Fortunately, Kohala’s native bogs and forested watershed enjoy elevated protection from Hawaiʻi’s Natural Area Reserve System (NAR). The NAR has identified that the primary environmental threat to Kohala’s watershed is damage from feral pig populations. Non-native pigs devour and trample fragile forest components causing disturbance to ground cover, creating openings for non-native species, and degrading the quality of the forest and the local hydrological cycle.

picture of Michael Peyton posing with one of Kohala’s numerous feral piglets
Michael Peyton posing with one of Kohala’s numerous feral piglets

My colleague, PhD candidate Michael Peyton, along with NAR partners, is quantifying the densities of pig populations in Kohala forest and their influence on plant communities. Michael is using an array of trail cameras distributed broadly around Kohala forest to understand the movement and behavior of pigs in different habitats. Quantifying native and non-native plant functional traits shows Michael how certain plants, such as non-native grasses and herbs, excel in the presence of pig activity, while others, such as slow-growing native understory trees and shrubs, wane. Michael is also isolating fragments of ancient pig DNA preserved in Kohala’s many bog sediments to piece together the history of pig activity in the forest.

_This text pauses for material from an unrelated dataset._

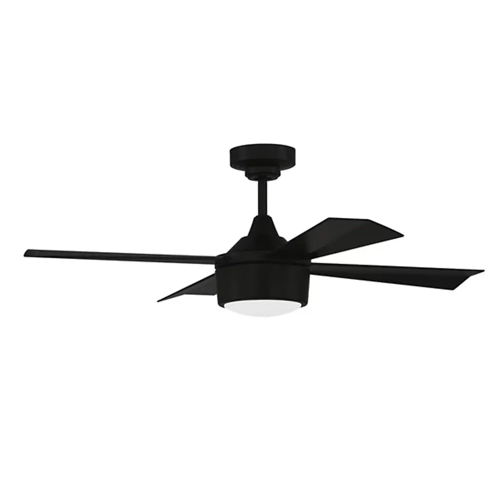 The Theo Indoor/Outdoor LED Ceiling Fan from Craftmade Fans is made with premium aluminum and steel materials. It boasts durable construction suitable for both indoor and outdoor use, offering lasting performance. Featuring 4 blades and a contemporary aesthetic, this fan adds a touch of edginess to your space. Equipped with reversible functionality and 3 adjustable speeds, your ceiling fan allows you to customize airflow. It has a convenient switch on the housing for hassle-free operation. Illuminate your space with diffused, integrated LED light emitted by the white glass shade.

The idiosyncrasies of Kohala forest and its denizens dance around my mind on the drive back down the mountain road, our crew wrapped in soaked clothes we pretended were “waterproof”—veterans wear a trash bag. The descent escapes the fog and opens our view of the coastline and ocean. Dizzying ecological questions become muted. It is impossible not to appreciate the watershed-thinking that permeates Hawaiian cultural memory. Ancient land divisions honor the interdependence of subsistence living in lowlands with the care of forests in uplands through wedge-shaped contours that follow natural watershed boundaries. I think of our Jeep tracing the flow of water from the forested summit, wao akua, realm of the spirits concealed in clouds, down through streams and springs to the fields of human industry below. I should really pay better attention to the road. More potholes.